— EXERCISE DATA —
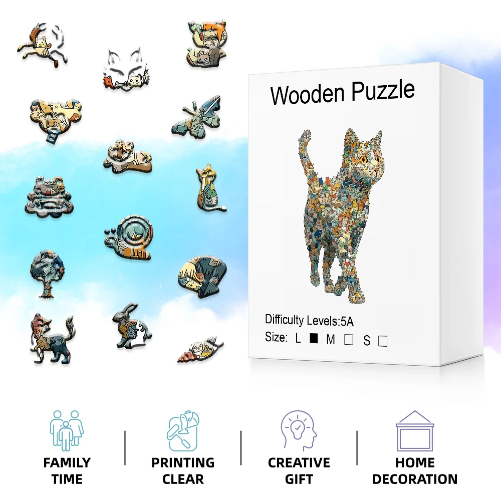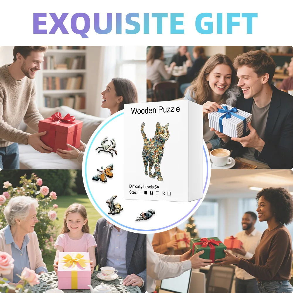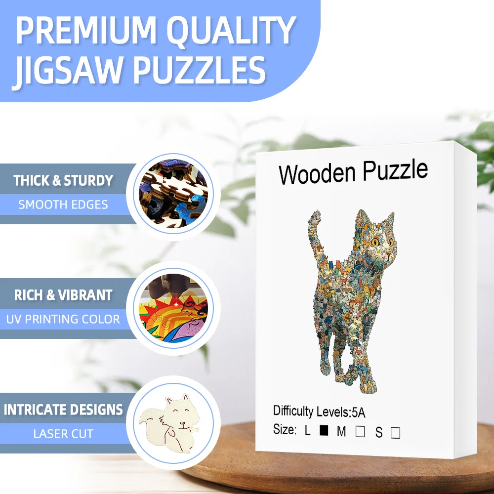 Enjoy hours of fun and challenge with this wooden cat jigsaw puzzle, designed for family entertainment and home décor. The puzzle features thick, sturdy pieces that fit together seamlessly for a satisfying experience. Vibrant colors make the finished design visually appealing and a charming decorative piece. Perfect for cat lovers, it provides both mental stimulation and creative engagement. Ideal for solo puzzling or group activity, it encourages focus, patience, and problem-solving skills. The durable wooden construction ensures long-lasting use and repeated enjoyment. Compact and easy to store, it can be displayed once completed or put away for future fun. Makes an exquisite gift for birthdays, holidays, or special occasions. Suitable for adults and older children, it’s both entertaining and educational. Bring creativity, fun, and feline charm into
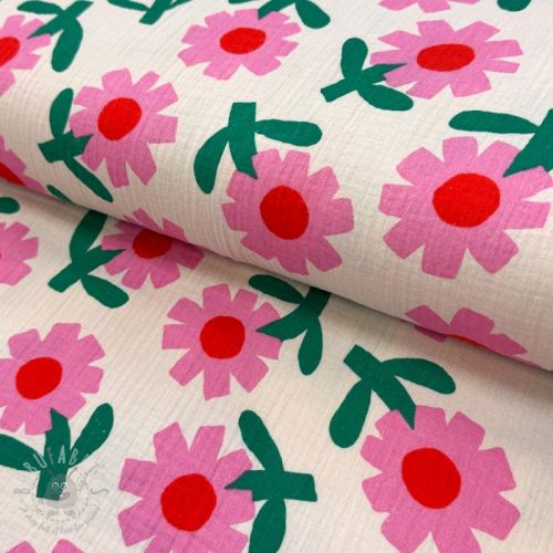 Muślin double gauze Flowers natural/pink by JENNIFER BOURON ORGANIC
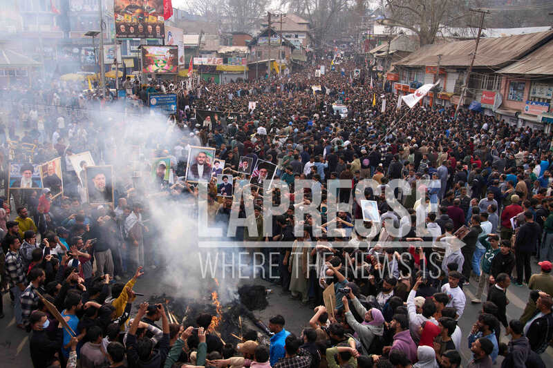 Shiite Muslims shout slogans as they burn effigies of President Donald Trump and Israeli Prime Minister Benjamin Netanyahu during a protest against the killing of Iran's Supreme Leader Ayatollah Ali Khamenei, in Budgam, northeast of Srinagar, Indian controlled Kashmir, Friday, March 6, 2026. (AP Photo/Dar Yasin)

— WHAT YOU HAVE TO DO —
Repeat the listing above from its first line through the line that contains "Muślin double gauze", both included, and nothing more. Drop the pictures.

— REPLY TO THE EXERCISE —
 Enjoy hours of fun and challenge with this wooden cat jigsaw puzzle, designed for family entertainment and home décor. The puzzle features thick, sturdy pieces that fit together seamlessly for a satisfying experience. Vibrant colors make the finished design visually appealing and a charming decorative piece. Perfect for cat lovers, it provides both mental stimulation and creative engagement. Ideal for solo puzzling or group activity, it encourages focus, patience, and problem-solving skills. The durable wooden construction ensures long-lasting use and repeated enjoyment. Compact and easy to store, it can be displayed once completed or put away for future fun. Makes an exquisite gift for birthdays, holidays, or special occasions. Suitable for adults and older children, it’s both entertaining and educational. Bring creativity, fun, and feline charm into
 Muślin double gauze Flowers natural/pink by JENNIFER BOURON ORGANIC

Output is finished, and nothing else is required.